#### [Records drawn from a dataset]
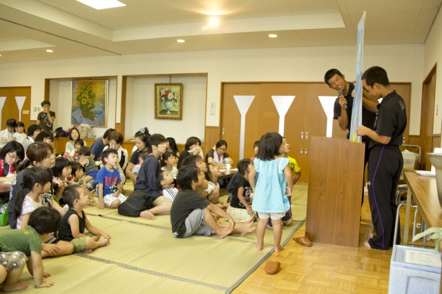 大東高校の男子生徒たちは、加茂町の「子育て環境」に焦点を当て、子どもたちと触れ合うことでより良い子育て環境づくりを考えるきっかけにしようと企画され、イベントには親子連れ約70人の参加があり、屋外のビニールプールでの水あそびや高校生による絵本の読み語りで高校生たちは子どもたちとふれあいました。
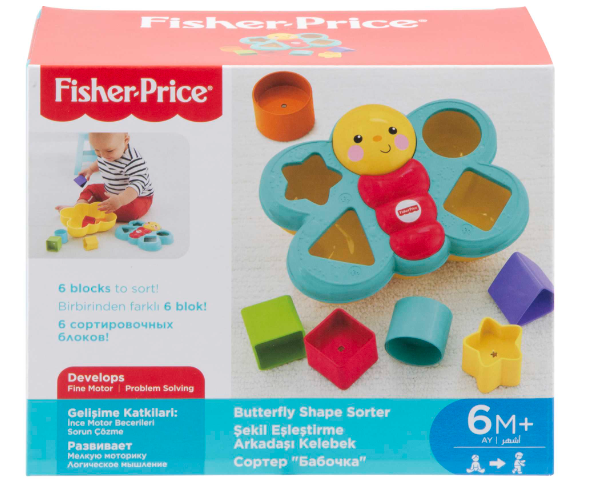 Aυτή η πεταλούδα της Fisher-Price® έχει έξι πολύχρωμα σχήματα για ταξινόμηση και παιχνίδι στο νερό! Ακόμα και το πιο μικρό σε ηλικία μωρό μπορεί να αφαιρέσει την κορυφή και να παίξει. Ταιριάζοντας τα σχήματα στα ανοίγματα, το μωρό διασκεδάζει και προσπαθεί να τα καταφέρει ξανά και ξανά, αναπτύσσοντας τις λεπτές κινήσεις του και το συντονισμό όρασης-κίνησής του. Η διαδικασία είναι τόσο διασκεδαστική που δε θα θέλει να σταματήσει. Είναι και ο ιδανικός τρόπος για να έρθει το μωρό σε πρώτη επαφή με τα σχήματα και τα χρώματα!
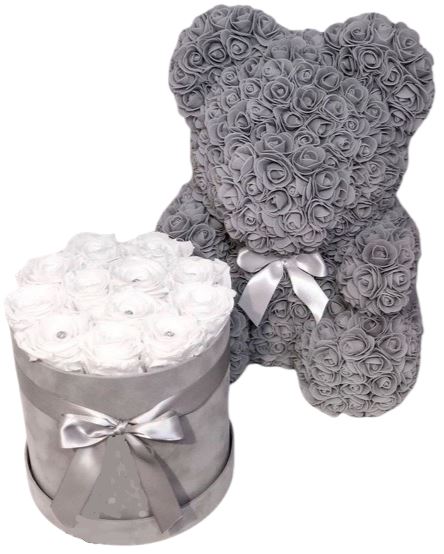 Experience the epitome of luxury and romance with our Luxury Gift Set of Infinity Roses in a Box with Rose Teddy Bear. This carefully curated gift set features Infinity Roses in a color of your choice, paired with a charming Rose Teddy Bear, making it the perfect gift for any special occasion.
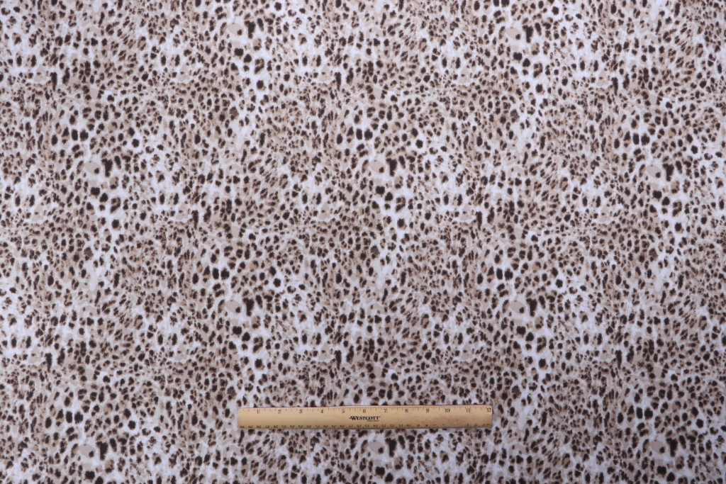 Mill Creek’s Zeffa Paramount Printed Cotton Drapery Fabric in Driftwood presents an elevated take on an animal-inspired motif, rendered in a balanced palette of warm taupe, sand, and espresso on an ivory ground. The artwork is a dense, small-scale constellation of soft-edged spots that creates a rich, continuous surface; reading as a refined texture from a distance and resolving into organic rosettes up close. Printed on a smooth cotton plain weave, the finish is matte with a natural hand that highlights the clarity of the design. The coloration is thoughtfully layered, with tonal mid-browns providing depth and darker accents adding definition without harsh contrast. The repeat is tightly integrated so seams blend visually, offering consistent coverage across larger expanses of fabric. Subtle variations in spot size and tone give the pattern dimension and a hand-rendered feel while maintaining a calm, neutral presence. The result is a versatile, contemporary print that pairs the ease of cotton with artful, nature-informed graphics and a timeless driftwood-neutral palette.
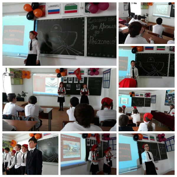 С 6 по 8 мая в школе проведены классные часы, приуроченные ко Дню Победы: " От Кремля до Рейхстага", " Вечный огонь обращается к живым", " Наш край в годы Великой Отечественной Войны".
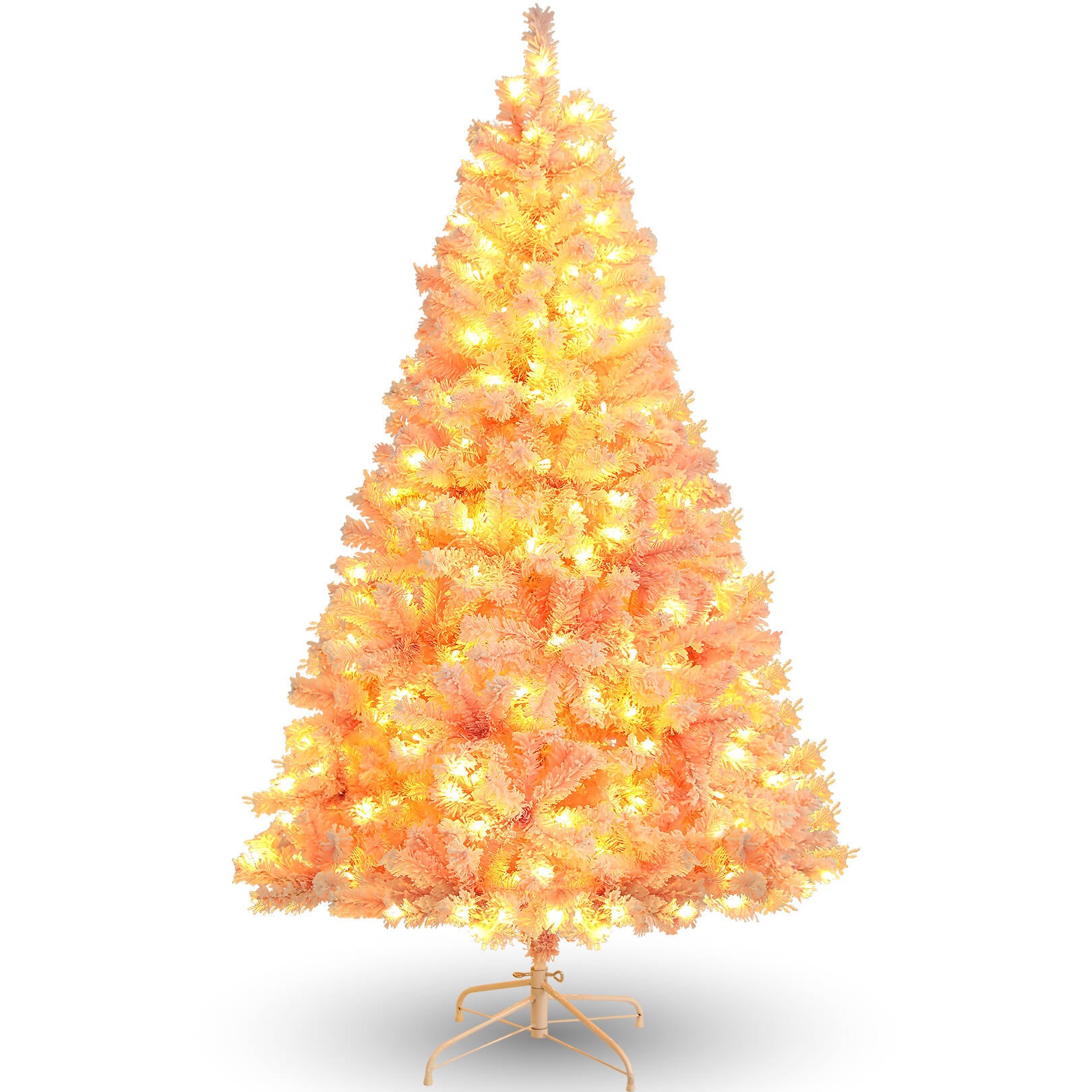 VIBESPARK 6FT Pre-Lit Flocked Christmas Tree, Artificial Christmas Tree with 250 LED Lights, Hinged Pine Tree with 640 Branches, Foldable Metal Stand, Indoor and Outdoor, Pink
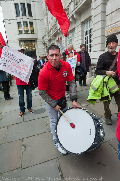 The protesters continue to walk in a circle on the pavement in front of the Bloomberg offices

#### [Task directions]
What is needed is an exact copy of all the records, minus any pictures.

#### [Response area]
 大東高校の男子生徒たちは、加茂町の「子育て環境」に焦点を当て、子どもたちと触れ合うことでより良い子育て環境づくりを考えるきっかけにしようと企画され、イベントには親子連れ約70人の参加があり、屋外のビニールプールでの水あそびや高校生による絵本の読み語りで高校生たちは子どもたちとふれあいました。
 Aυτή η πεταλούδα της Fisher-Price® έχει έξι πολύχρωμα σχήματα για ταξινόμηση και παιχνίδι στο νερό! Ακόμα και το πιο μικρό σε ηλικία μωρό μπορεί να αφαιρέσει την κορυφή και να παίξει. Ταιριάζοντας τα σχήματα στα ανοίγματα, το μωρό διασκεδάζει και προσπαθεί να τα καταφέρει ξανά και ξανά, αναπτύσσοντας τις λεπτές κινήσεις του και το συντονισμό όρασης-κίνησής του. Η διαδικασία είναι τόσο διασκεδαστική που δε θα θέλει να σταματήσει. Είναι και ο ιδανικός τρόπος για να έρθει το μωρό σε πρώτη επαφή με τα σχήματα και τα χρώματα!
 Experience the epitome of luxury and romance with our Luxury Gift Set of Infinity Roses in a Box with Rose Teddy Bear. This carefully curated gift set features Infinity Roses in a color of your choice, paired with a charming Rose Teddy Bear, making it the perfect gift for any special occasion.
 Mill Creek’s Zeffa Paramount Printed Cotton Drapery Fabric in Driftwood presents an elevated take on an animal-inspired motif, rendered in a balanced palette of warm taupe, sand, and espresso on an ivory ground. The artwork is a dense, small-scale constellation of soft-edged spots that creates a rich, continuous surface; reading as a refined texture from a distance and resolving into organic rosettes up close. Printed on a smooth cotton plain weave, the finish is matte with a natural hand that highlights the clarity of the design. The coloration is thoughtfully layered, with tonal mid-browns providing depth and darker accents adding definition without harsh contrast. The repeat is tightly integrated so seams blend visually, offering consistent coverage across larger expanses of fabric. Subtle variations in spot size and tone give the pattern dimension and a hand-rendered feel while maintaining a calm, neutral presence. The result is a versatile, contemporary print that pairs the ease of cotton with artful, nature-informed graphics and a timeless driftwood-neutral palette.
 С 6 по 8 мая в школе проведены классные часы, приуроченные ко Дню Победы: " От Кремля до Рейхстага", " Вечный огонь обращается к живым", " Наш край в годы Великой Отечественной Войны".
 VIBESPARK 6FT Pre-Lit Flocked Christmas Tree, Artificial Christmas Tree with 250 LED Lights, Hinged Pine Tree with 640 Branches, Foldable Metal Stand, Indoor and Outdoor, Pink
 The protesters continue to walk in a circle on the pavement in front of the Bloomberg offices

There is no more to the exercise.